## Problem to solve
Every line from the one holding "As the presented" through the one holding "color is a tan" in the data below must be returned exactly, both ends included, with pictures left out and nothing else added.

## Supplied records
________
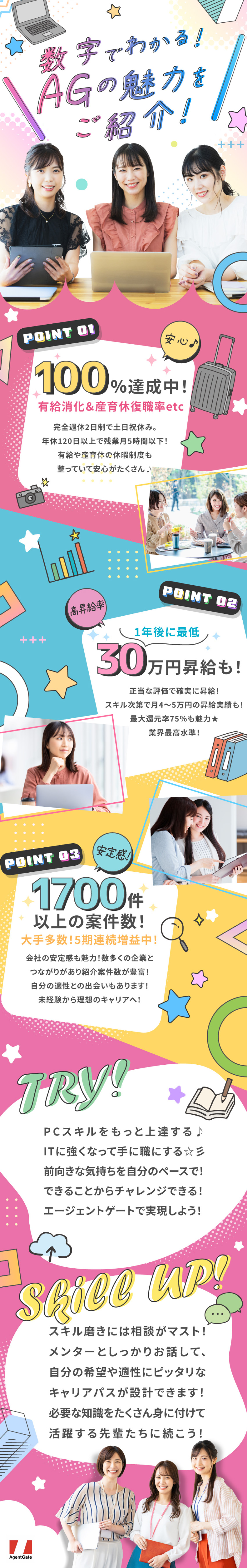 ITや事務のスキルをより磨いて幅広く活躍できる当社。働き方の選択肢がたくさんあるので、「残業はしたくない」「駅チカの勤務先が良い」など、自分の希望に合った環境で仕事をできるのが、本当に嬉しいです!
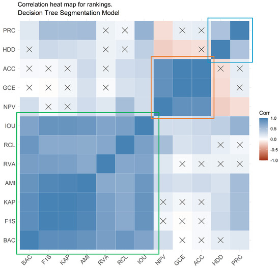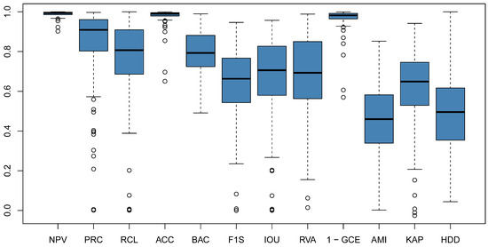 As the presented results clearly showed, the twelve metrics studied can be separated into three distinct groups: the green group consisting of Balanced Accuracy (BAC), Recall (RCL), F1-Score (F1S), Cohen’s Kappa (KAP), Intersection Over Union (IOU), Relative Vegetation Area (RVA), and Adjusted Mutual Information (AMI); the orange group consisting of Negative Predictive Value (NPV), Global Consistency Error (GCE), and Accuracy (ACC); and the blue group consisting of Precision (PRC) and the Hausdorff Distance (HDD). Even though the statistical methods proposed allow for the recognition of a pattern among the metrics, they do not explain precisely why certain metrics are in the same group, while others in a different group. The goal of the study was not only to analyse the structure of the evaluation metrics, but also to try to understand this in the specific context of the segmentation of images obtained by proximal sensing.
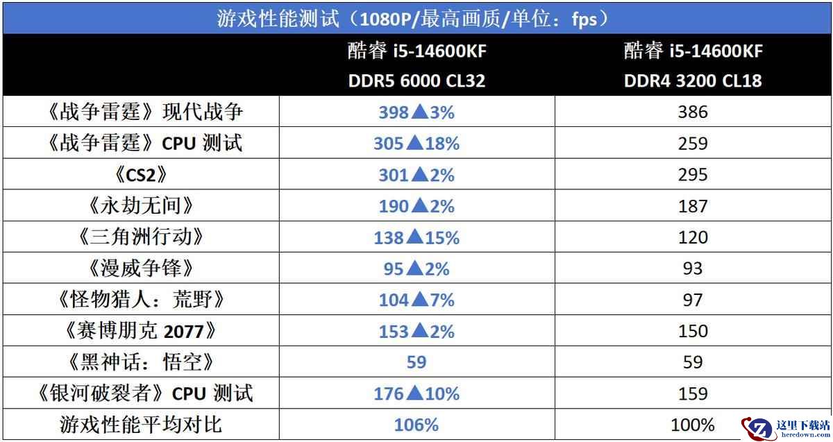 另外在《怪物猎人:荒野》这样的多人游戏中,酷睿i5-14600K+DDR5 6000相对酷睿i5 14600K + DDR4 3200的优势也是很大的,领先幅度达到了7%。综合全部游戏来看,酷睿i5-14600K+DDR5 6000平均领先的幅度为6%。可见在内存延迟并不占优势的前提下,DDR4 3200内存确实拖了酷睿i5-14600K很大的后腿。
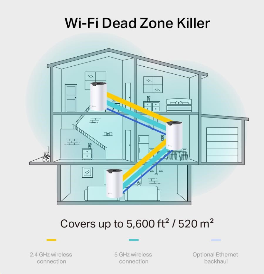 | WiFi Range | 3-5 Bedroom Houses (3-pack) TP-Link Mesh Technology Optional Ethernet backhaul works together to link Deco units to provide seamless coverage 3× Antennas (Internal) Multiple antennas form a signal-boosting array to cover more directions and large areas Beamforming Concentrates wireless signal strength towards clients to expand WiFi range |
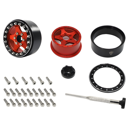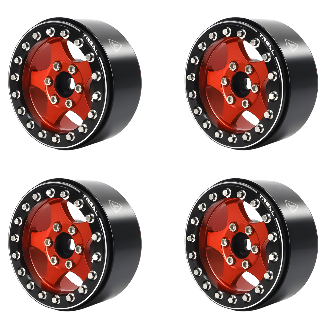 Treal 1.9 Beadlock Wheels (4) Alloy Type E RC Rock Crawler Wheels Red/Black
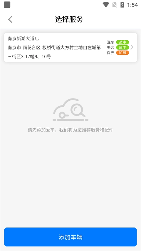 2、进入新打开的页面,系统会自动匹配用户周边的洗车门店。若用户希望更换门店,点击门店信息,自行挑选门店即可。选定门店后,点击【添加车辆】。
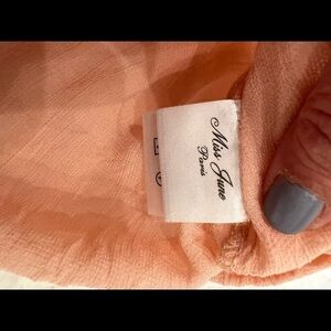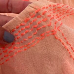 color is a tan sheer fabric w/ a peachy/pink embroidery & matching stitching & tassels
________
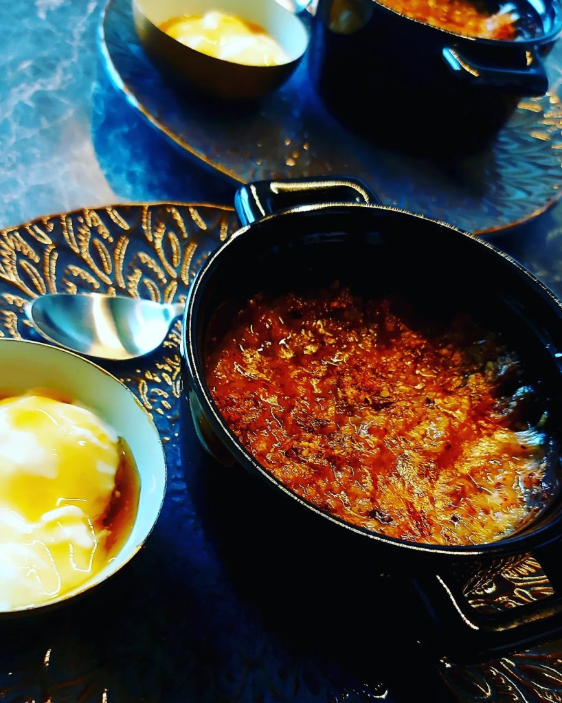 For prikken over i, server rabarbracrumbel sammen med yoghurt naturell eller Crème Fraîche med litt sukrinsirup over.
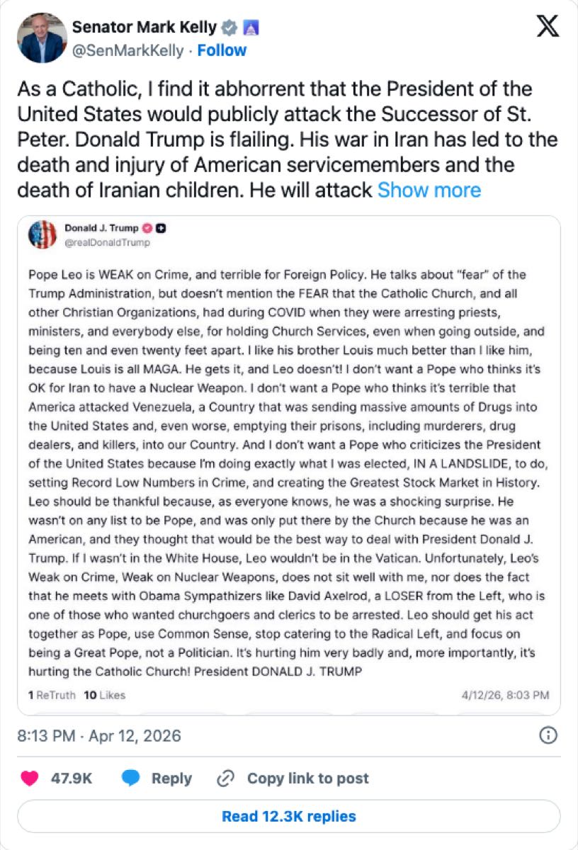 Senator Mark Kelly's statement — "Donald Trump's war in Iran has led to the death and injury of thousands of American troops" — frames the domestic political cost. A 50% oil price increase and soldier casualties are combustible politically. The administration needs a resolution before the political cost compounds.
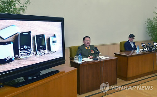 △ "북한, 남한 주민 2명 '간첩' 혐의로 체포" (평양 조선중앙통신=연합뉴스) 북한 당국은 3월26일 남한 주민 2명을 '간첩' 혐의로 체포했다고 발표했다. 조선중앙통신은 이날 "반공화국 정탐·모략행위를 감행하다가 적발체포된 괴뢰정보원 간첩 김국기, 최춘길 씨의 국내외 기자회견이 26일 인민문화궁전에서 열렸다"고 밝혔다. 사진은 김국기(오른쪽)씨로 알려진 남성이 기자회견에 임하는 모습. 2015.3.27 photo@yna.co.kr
________
## Response box
 As the presented results clearly showed, the twelve metrics studied can be separated into three distinct groups: the green group consisting of Balanced Accuracy (BAC), Recall (RCL), F1-Score (F1S), Cohen’s Kappa (KAP), Intersection Over Union (IOU), Relative Vegetation Area (RVA), and Adjusted Mutual Information (AMI); the orange group consisting of Negative Predictive Value (NPV), Global Consistency Error (GCE), and Accuracy (ACC); and the blue group consisting of Precision (PRC) and the Hausdorff Distance (HDD). Even though the statistical methods proposed allow for the recognition of a pattern among the metrics, they do not explain precisely why certain metrics are in the same group, while others in a different group. The goal of the study was not only to analyse the structure of the evaluation metrics, but also to try to understand this in the specific context of the segmentation of images obtained by proximal sensing.
 另外在《怪物猎人:荒野》这样的多人游戏中,酷睿i5-14600K+DDR5 6000相对酷睿i5 14600K + DDR4 3200的优势也是很大的,领先幅度达到了7%。综合全部游戏来看,酷睿i5-14600K+DDR5 6000平均领先的幅度为6%。可见在内存延迟并不占优势的前提下,DDR4 3200内存确实拖了酷睿i5-14600K很大的后腿。
 | WiFi Range | 3-5 Bedroom Houses (3-pack) TP-Link Mesh Technology Optional Ethernet backhaul works together to link Deco units to provide seamless coverage 3× Antennas (Internal) Multiple antennas form a signal-boosting array to cover more directions and large areas Beamforming Concentrates wireless signal strength towards clients to expand WiFi range |
 Treal 1.9 Beadlock Wheels (4) Alloy Type E RC Rock Crawler Wheels Red/Black
 2、进入新打开的页面,系统会自动匹配用户周边的洗车门店。若用户希望更换门店,点击门店信息,自行挑选门店即可。选定门店后,点击【添加车辆】。
 color is a tan sheer fabric w/ a peachy/pink embroidery & matching stitching & tassels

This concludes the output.